I hope this helps you decide which Cricut machine to buy.  Any questions or if you want my opinion on a deal, just email me at blog@crazycricutlady.com.  I will be glad to help.  And remember, once you get a Cricut, I have tutorials that will help.

Once you get a Cricut machine, consider buying an Access subscription.  It is well worth it.  Find out more about an Access subscription here.

Which Cricut Should I Buy and Do I Need More Than One?

2 thoughts on “Which Cricut Should I Buy and Do I Need More Than One?

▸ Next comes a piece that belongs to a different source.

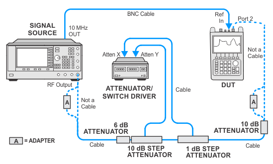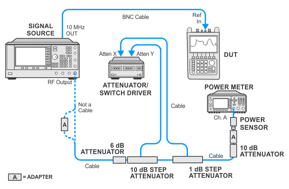 The 10 dB and 1 dB step attenuators are characterized at 50 MHz as a composite attenuator. The characterized loss is used to calculate the absolute input power to the DUT. The 1 dB attenuator is never allowed to drop below 5 dB in this test. The reason for maintaining 5 dB is so the mismatch with the cable is well controlled.

  1. I had similar thoughts on the machines – until I got a Joy machine just for the heck of it. OMG – you have to get a JOY! it does the simple prefolded cards for a bunch of occasions so nicely and everyone loves the cards I’ve made for them. They are so dirt easy to do that it’s funny how people think you must have spent hours doing it. Nope, pick the design, pop the card insert onto the card mat and 10 minutes later, your done! The other great thing about the Joy is that it does labels for your kitchen sooooo easy too. That’s why you take it to your kitchen, not that it’s small, but so you can put matching labels on everything to give your kitchen that neat appearance with your own custom labels that all match.

    And yes, you are limited on the width, but not on the length for the most part, you when you want to do a large lettering or numbering project, you just have to think sideways. It’s great for one line at a time on most large signs and they are usually easier to assemble that way anyhow. It’s a lot of bang for your buck, and although they say you have to have the Joy pens, the ones for the maker and Explore machines will work with a small plastic adapter that you can buy cheaply from Etsy. It’s a lot cheaper than buying more pens just for the machine. Yes, it technically might void your warranty, but it does work beautifully. You can even get an adapter to use the foil tips on it.

    I think you should get one to try it out and make some awesome Joy card designs, as they are pretty simple once you get the hang of it. Who doesn’t love a custom card that looks like it took hours to make? I won’t tell your friends how easy it is….wink wink.

    1. I would love to get one but I just can’t justify the expense. At $150 dollars and having to buy all new extras like markers it just is not a viable option owning the maker and Air now.